A Corporate Social Entrepreneur (CSE) is someone who attempts to advance a social agenda in addition to a formal job role as part of a corporation. CSEs may or may not operate in organizational contexts that are predisposed toward corporate social responsibility. CSEs' concerns are with both the development of social capital and economic capital, and the formal job role of a CSE may not necessarily be connected with corporate social responsibility, nor does a CSE have to be in an executive or management position.

Relevance

CSE is multi-disciplinary, relating to the fields of corporate social responsibility and sustainability. It is relevant to business and management; specifically to business ethics, sustainability, organizational behavior, entrepreneurship, human resource management and business strategy. The concept overlaps with sociology, anthropology and social psychology and philosophy. See also: corporate social responsibility.

Background
CSE was first described in 2002 from a theoretical working paper which was published in the Hull University Business School Research Memoranda Series. In that paper, it was argued that CSR (and within that, sustainability) can also be motivated by personal values, in addition to the more obvious economic and macro political drivers. This reflected the traditional philosophical and business ethics debate regarding moral agency. This paper was followed by a U.K. conference paper which discussed the importance of managerial discretion in CSR and was published the following year in the Journal of Business Ethics.

The term "corporate social entrepreneur" was coined in a paper presented at the 17th Annual European Business Ethics Network Conference in June 2004. Term corporate social entrepreneur was defined and differentiated from other types of entrepreneurs such as the executive entrepreneurs, intrapreneurs (Pinchot, 1985), the policy entrepreneur, and the public or social entrepreneur. (See also Austin et al., 2006a for a description of the similarities and differences between commercial and social entrepreneurship). Initially, the term related to managers. However it was later widened to includes employees at any level of a firm, regardless of their formally appointed status. Exploratory research shows that being a senior manager is not a pre-requisite for corporate social entrepreneurship, although it is an advantage.

Hemingway’s concept of the CSE emerged as a result of her own personal experience working as a marketing executive in the corporate world and it has also been the subject of some exploratory empirical investigation The notion was also inspired by Wood, who had previously referred to 'Ethical training, cultural background, preferences…and life experiences…that motivate human behavior', thereby supporting Trevino’s conceptual interactionist model of ethical decision making in organizations.

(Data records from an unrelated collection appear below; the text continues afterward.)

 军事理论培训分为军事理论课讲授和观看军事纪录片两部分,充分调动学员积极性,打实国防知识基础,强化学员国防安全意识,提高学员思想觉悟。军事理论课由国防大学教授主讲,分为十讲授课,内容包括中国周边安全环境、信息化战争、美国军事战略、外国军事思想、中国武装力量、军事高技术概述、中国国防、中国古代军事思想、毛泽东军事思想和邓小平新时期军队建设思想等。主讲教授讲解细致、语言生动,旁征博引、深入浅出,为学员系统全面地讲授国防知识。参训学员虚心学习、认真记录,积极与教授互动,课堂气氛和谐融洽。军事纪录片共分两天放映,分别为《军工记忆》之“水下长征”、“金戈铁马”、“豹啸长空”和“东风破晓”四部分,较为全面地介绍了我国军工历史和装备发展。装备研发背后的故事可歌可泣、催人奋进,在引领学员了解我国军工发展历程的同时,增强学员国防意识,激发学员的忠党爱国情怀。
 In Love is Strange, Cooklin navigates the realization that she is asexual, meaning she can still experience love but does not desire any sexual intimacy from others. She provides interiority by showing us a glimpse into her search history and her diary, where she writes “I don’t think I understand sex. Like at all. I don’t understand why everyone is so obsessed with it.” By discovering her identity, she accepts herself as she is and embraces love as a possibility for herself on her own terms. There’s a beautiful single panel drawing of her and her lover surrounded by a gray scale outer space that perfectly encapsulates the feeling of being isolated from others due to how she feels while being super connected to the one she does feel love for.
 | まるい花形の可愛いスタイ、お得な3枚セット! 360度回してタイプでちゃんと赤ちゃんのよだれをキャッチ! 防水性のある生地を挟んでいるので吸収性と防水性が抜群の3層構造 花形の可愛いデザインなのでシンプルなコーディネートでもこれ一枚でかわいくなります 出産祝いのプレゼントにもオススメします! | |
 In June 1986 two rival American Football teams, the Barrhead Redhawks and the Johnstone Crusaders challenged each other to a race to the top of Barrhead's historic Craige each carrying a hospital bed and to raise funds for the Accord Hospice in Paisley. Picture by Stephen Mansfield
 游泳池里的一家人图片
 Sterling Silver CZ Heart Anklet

Trevino's model included both individual and situational moderators, to combine with the individual’s stage of cognitive moral development, to produce either ethical or unethical behavior. And whilst studies existed regarding the activities of environmental champions at work or other change leaders, none of these studies specifically examined the role of employees' personal values in entrepreneurial discretion with regard to CSR/sustainability.

Thus, the connection between philosophical ideas of moral character as an influence for corporate social responsibility (CSR) and the psychological notions of prosocial or pro-environmental behavior, provides a different focus from the more commonly discussed structural drivers for CSR/sustainability in business and management i.e., business strategy in the form of public relations activity; encouragement from government or organizational context (see also philanthropy).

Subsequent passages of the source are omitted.